Pediatric Metastatic Pheochromocytoma and Paraganglioma: Clinical Presentation and Diagnosis, Genetics, and Therapeutic Approaches

Abstract

Although pediatric pheochromocytomas and paragangliomas (PPGLs) are rare, they have important differences compared to those in adults. Unfortunately, without timely diagnosis and management, these tumors have a potentially devastating impact on pediatric patients. Pediatric PPGLs are more often extra-adrenal, multifocal/metastatic, and recurrent, likely due to these tumors being more commonly due to a genetic predisposition than in adults. This genetic risk results in disease manifestations at an earlier age giving these tumors time to advance before detection. In spite of these problematic features, advances in the molecular and biochemical characterization of PPGLs have heralded an age of increasingly personalized medicine. An understanding of the genetic basis for an individual patient's tumor provides insight into its natural history and can guide clinicians in management of this challenging disease. In pediatric PPGLs, mutations in genes related to pseudohypoxia are most commonly seen, including the von Hippel-Lindau gene (VHL) and succinate dehydrogenase subunit (SDHx) genes, with the highest risk for metastatic disease associated with variants in SDHB and SDHA. Such pathogenic variants are associated with a noradrenergic biochemical phenotype with resultant sustained catecholamine release and therefore persistent symptoms. This is in contrast to paroxysmal symptoms (e.g., episodic hypertension, palpitations, and diaphoresis/flushing) as seen in the adrenergic, or epinephrine-predominant, biochemical phenotype (due to episodic catecholamine release) that is commonly observed in adults. Additionally, PPGLs in children more often present with signs and symptoms of catecholamine excess. Therefore, children, adolescents, and young adults present differently from older adults (e.g., the prototypical presentation of palpitations, perspiration, and pounding headaches in the setting of an isolated adrenal mass). These presentations are a direct result of genetic determinants and highlight the need for pediatricians to recognize these differences in order to expedite appropriate evaluations, including genetic testing. Identification and familiarity with causative genes inform surveillance and treatment strategies to improve outcomes in pediatric patients with PPGL.

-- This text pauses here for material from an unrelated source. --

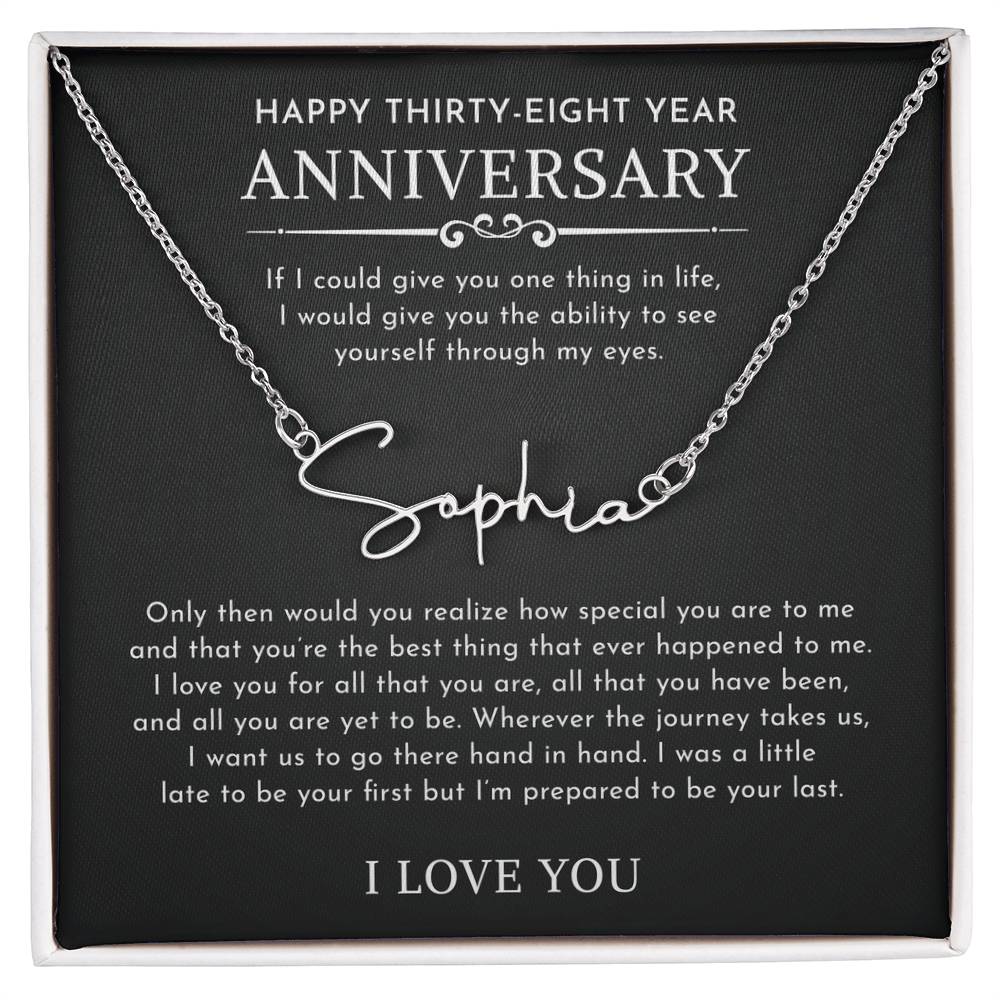 The Signature Style Name Necklace features a pretty stylized font, and is available in polished stainless steel or 18K yellow gold finish. The pendant is dually suspended on an adjustable 16”-18” cable chain for versatility. Your necklace will be custom made upon ordering in the name or word of your choice, with up to 10 characters. It's a gift that they will surely want to keep close to their heart!
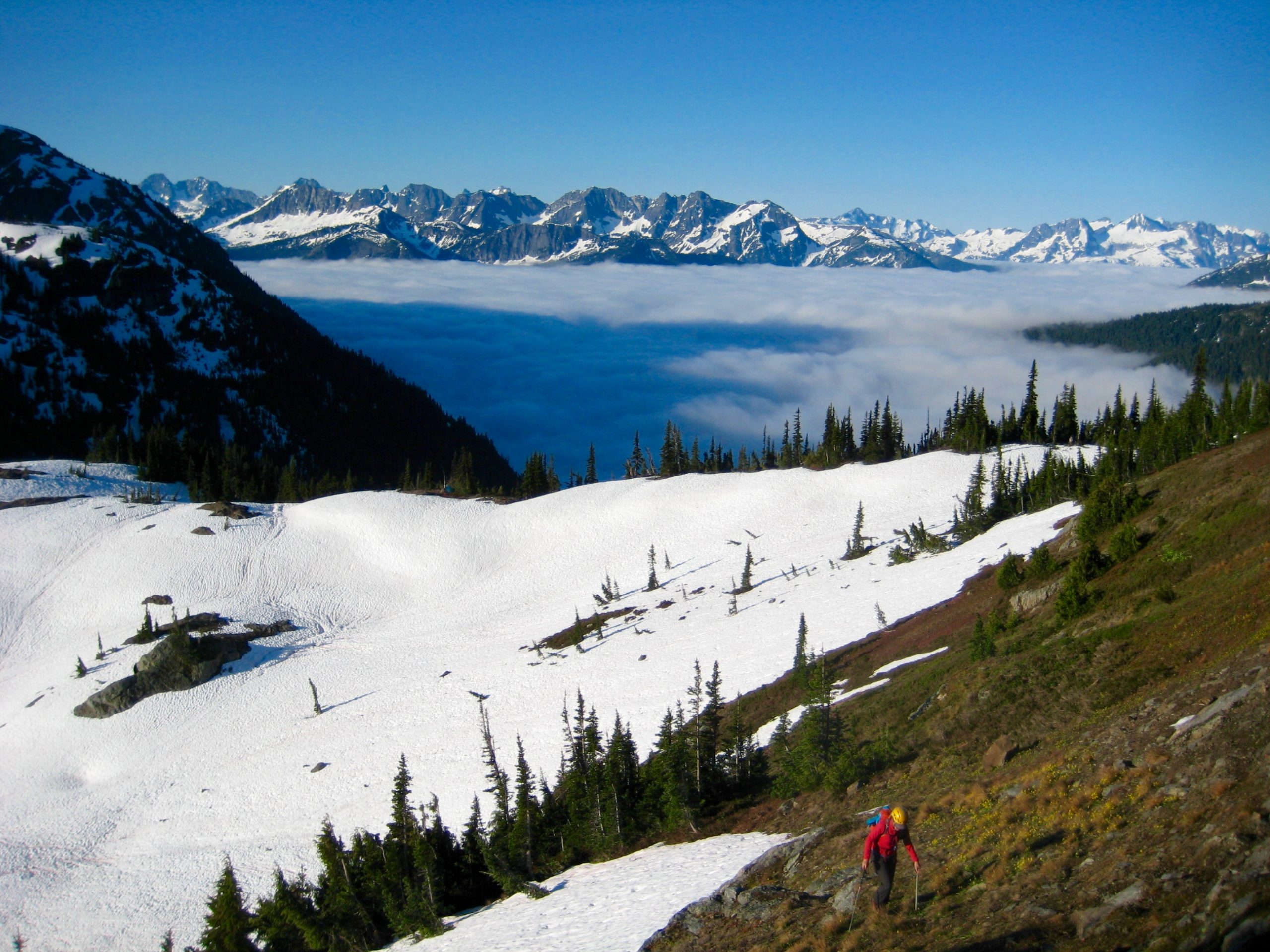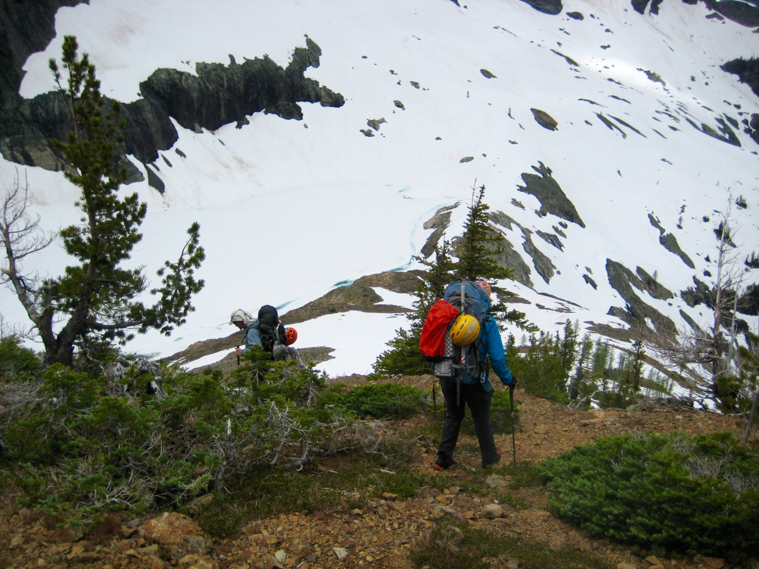 Ascending the ridge above Devil’s Lake turned into a slightly comical episode when we encountered sketchy Class 3 rock immediately below the top. George scrambled up without his pack to establish a fixed line for us. It seemed as though nothing was going to be simple and easy on this trip!

Keywords: clinical presentation; diagnosis; genetics; metastatic; paraganglioma; pediatric; pheochromocytoma; therapeutic approach.

Figure 1

Catecholamines and metanephrines are derived from tyrosine by the enzyme tyrosine hydroxylase (TH), resulting in L-3,4-dihydroxyphenylalanine (L-DOPA). Aromatic L-amino acid decarboxylase (AACD) generates dopamine from L-DOPA. Dopamine β-hydroxylase (DBH) acts on dopamine to produce norepinephrine, followed by the enzyme phenylethanolamine N-methyltransferase (PNMT) to yield epinephrine. Norepinephrine and epinephrine are O-methylated by catechol-O-methyltransferase (COMT) to produce normetanephrine and metanephrine, respectively. The corresponding O-methylated metabolite of dopamine is 3-methyoxytyramine (3-MT). Metyrosine inhibits (red) TH. Glucocorticoids stimulate (green) PNMT.

Figure 2

Anterior maximal intensity projection (MIP) images of the ¹⁸F-FDG PET/CT (A) and ⁶⁸Ga-DOTATATE PET/CT (B) studies of a 10-year-old SDHB positive girl. She was diagnosed initially with metastatic disease at the age of 8 years. Her right paraaortic, retroperitoneal primary paraganglioma was surgically resected. On presentation to our institution, the progression of her disease was demonstrated by metastatic lesions in bone, lungs, and abdomen as shown in the images (A, B). The single red arrow on image (A) indicates the one lesion (abutting bowel) localized by ¹⁸F-FDG PET/CT that is not visualized by the ⁶⁸Ga-DOTATATE PET/CT. Similarly, all the additional lesions (transverse process of T4 spine, L2-L5 vertebral bodies, left ilium, and left and right iliac wings) localized by the ⁶⁸Ga-DOTATATE PET/CT (blue arrows) are not visualized by ¹⁸F-FDG PET/CT (B). This figure was adapted from the figure that was initially published as Figure 2 by Jha et al. (70).